Spreadsheets versus a Data Warehouse – the two sides of the Analysis coin
Ash van der Spuy from our Sydney office shares his thoughts on how IT and business can work more closely to bridge the gap of familiar spreadsheet analysis vs reporting from a data warehouse for Financial Analysts.
Spreadsheets have been the mainstay of the Financial Analyst for decades, and its blank canvas and powerful calculation functions ensures that it remains the “go to” tool for both quick and complicated calculations. There are no tools as efficient for mocking up a quick analysis as a spreadsheet and it is important to keep this in mind, because there is a tendency is to criticise Excel so as to highlight the importance of formal reporting and analysis. While spreadsheets cannot do everything, similarly data warehouses cannot always meet the demands of the Financial Analysts; for proper analytics these functions have to meet each other half way.
1. The IT side of the coin
Every tool has its purpose and spreadsheets have their place. The same is to be said for formal reporting and analysis tools such as the ones developed by Tableau, Qlik, Microsoft, IBM, Oracle, SAS and SAP. These reporting and analysis tools however work best with well-structured data, and even better if this data is in a database in a proper data model. There are tools which are improving data exploration using diverse data sets, but their functionality is limited. When it comes to complicated calculations using snippets of information, often from temporary or ad hoc data sources to answer a specific pressing question; the spreadsheet rules supreme.
This is the side of the coin that the Business Intelligence or Information Management professionals need to support. Some questions need immediate answers and pose a question a data warehouse (DW) may not accommodate, but this doesn’t mean that the DW should just leave the Analysts to blunder ahead.
Business and Financial Analysts in particular, can easily reach a place where they view the data warehouse as slow and cumbersome. They have pressing questions, and can’t wait until tomorrow or next week to answer them and this is when they often resort to entering the data into a spreadsheet.

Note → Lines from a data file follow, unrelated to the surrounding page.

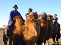 12月13日,阿左旗敖倫布拉格鎮牧民傲云達賴邀請嘎查及周邊牧民舉行了一場別開生面的家庭賽駝大會。
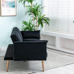 Upgrade your living space with this modern black 2-seater sleeper sofa that combines comfort, practicality, and timeless design. The couch opens easily into a spacious sleeper — almost the size of a double bed — so you can relax during the day and host guests at night. Because it’s designed with high-density foam, you’ll enjoy firm yet soft support in both sitting and sleeping positions.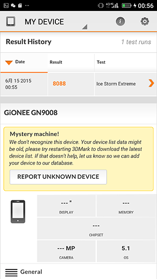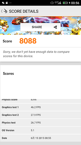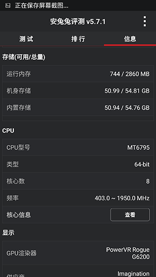通过安兔兔测试可以看到金立E8采用最新的MT6795八核64位处理器,这颗处理器拥有8个A53核心,核心频率为2GHz。另外金立M5拥有3GB的内存和64GB的储存空间,也是现在主流高端的配置。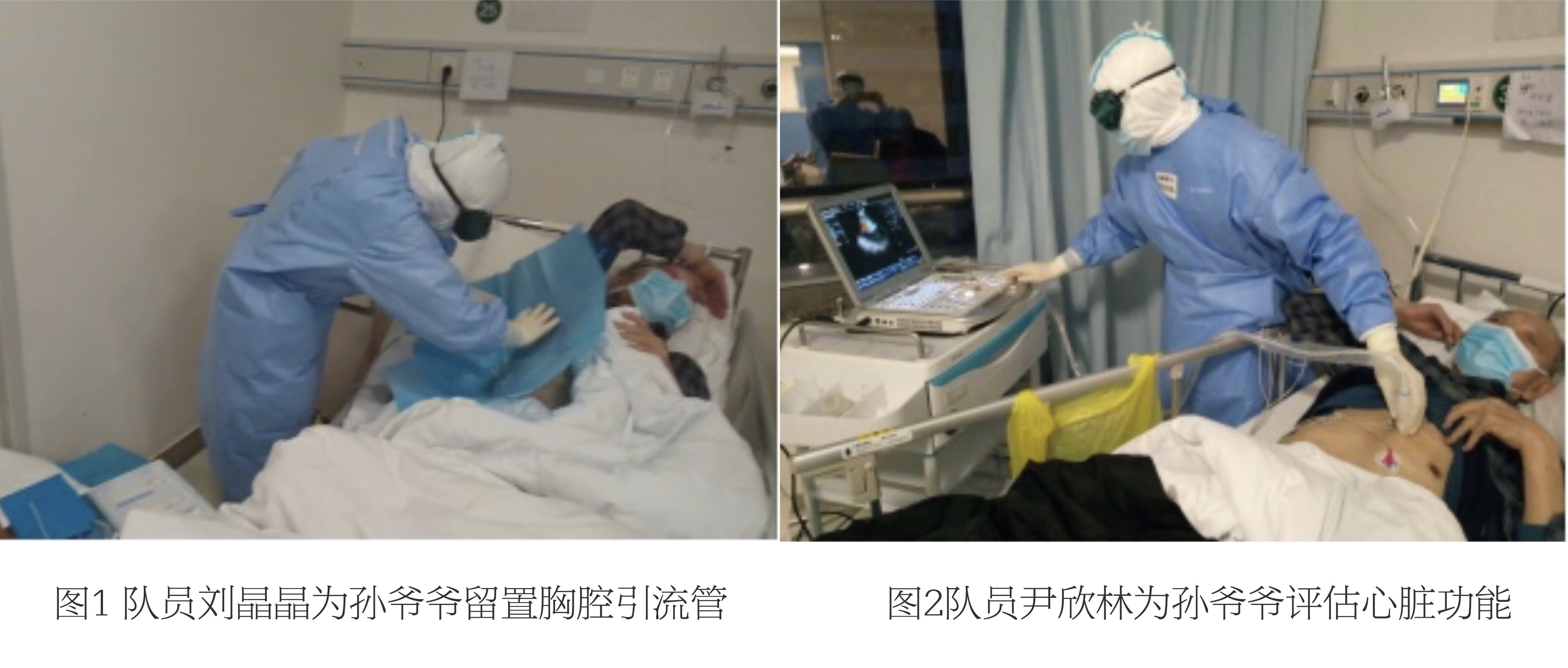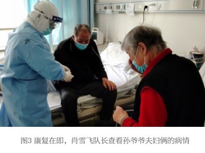 在张国刚院长、欧阳文副院长等专家、领导的指导下,重症一分队确定了护心、抗炎、抗病毒的治疗、支持方案,并针对血栓、胸腔积液等并发症进行了对症处理和精心护理。在入院后23天,孙爷爷的病情终于迎来转机,他自我感觉明显好转,要求下床活动。随后几天,孙爷爷的情况越来越好,肺部CT也明显好转。而他的老伴在刘纯教授为首的重症二分队的治疗下也基本康复。孙爷爷是医疗队负责的患者中年龄最大的,属于超高龄患者,病毒不但损伤了他的肺部,还明显攻击了他的心脏,导致病情反复,核酸试验迟迟不能转阴,给治疗带来很大的难度和不确定性。然而,在大后方专家、领导的支持下,重症一分队群策群力,在疫情消退之际,终于拿下这例高难度的病例。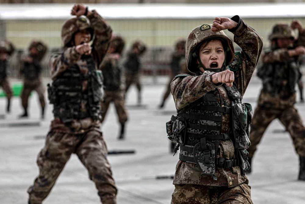 女兵正在進行體能訓練。 王述東攝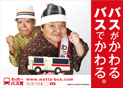 過度な自家用車依存から路線バス利用への転換促進のため「7つのもっと。」というマニフェストを掲げ平成二十四年の発足からバス利便性を向上させるとともに多様な企業・団体・個人を巻込みバスを身近に感じる様々な取組を実施し沖縄県民のバス利用の機運を醸成することで利用促進を展開するなど地域公共交通の確保・維持に積極的に取り組んだ。

But it is exactly this haste that leads to keying errors, mistakes in formulas or using the wrong data. Worse than that, is using the correct data without knowing that it is of bad quality – Just because data comes from a financial system or an ERP, its quality is not guaranteed.
I have seen that the best analytics and reporting comes from organisations where the Data Warehouse and Business work together; and Analysts and IT professionals often forget that. The goal for a data warehouse should be to ensure that for those questions that must be answered in a spread sheet, the largest proportion of the data must come from good quality, trusted sources which the data warehouse has prepared and approved. When that doesn’t happen, the perfect storm is unavoidable.
The perfect storm is the scenario where a spread sheet contains both good data from a data warehouse and bad quality data and incorrect formulae input by analysts, which is then used by Management to make decisions. Since some of the data is from the data warehouse, the results are taken with high regard and decisions are made with confidence, even when affecting people’s lives and jobs.
We have seen this happen to companies big and small, both locally and globally. Take the example of Barclay’s and their overpayment of hundreds of millions for subprime debt. During the GFC, hidden columns in a spread sheet led to this their perfect storm. http://www.computerworld.com/s/article/9117143/Excel_error_leaves_Barclays_with_more_Lehman_assets_than_it_bargained_for
Another example has come from an economics study which was strategically used, largely by Europe and America to deal with the GFC. Upon further analysis, academics found the study was based on results from a spreadsheet containing errors and the resulting fallout from this was international.
Recommendations for a way forward
Here are my 6 key observations and recommendations for Business and IT to meet in the middle:
- Analysts have to keep inmind that the formal systems and policies employed by the DW are there to
- A. Supply automatic results that accelerate decision making which is also more efficient in the future.
- B. Ensure the data is of a high quality, and can be trusted for decision making.
- Once Analysts realise they are answering the same ad hoc repeatedly, and/or major decisions are being made based on the answers, the help of the DW should be sought. This is to automate the results and to ensure that the data is cleansed and verified if necessary.
- Cleansing and verifying the data will give further weight to the results and allow Analysts to focus on the next set of ad hoc questions.
- The automation process will also deconstruct the formulae in the analysis, providing another level of confidence to the results.
- IT professionals have to keep in mind that business needs are ever changing, and there is no way that they can keep up with every requirement. Instead the focus should be to grow that middle ground, and feed it with more and more trusted data.
- Alternatives to the traditional DW architectures should be assessed for fit, as a sandbox or multi-modal (this could include Lambda architecture) data platform can go a long way towards lowering the latency requirements that drive users away from the DW.
Spreadsheets, business intelligence software, analysts and specialists all have their place, they key is to understand the functions of each, and promote synergy through collaboration, and thereby better assist the broader company.
In future blogs we will explore how sandboxes and multi-modal, including Lambda architecture are changing the Information Management landscape.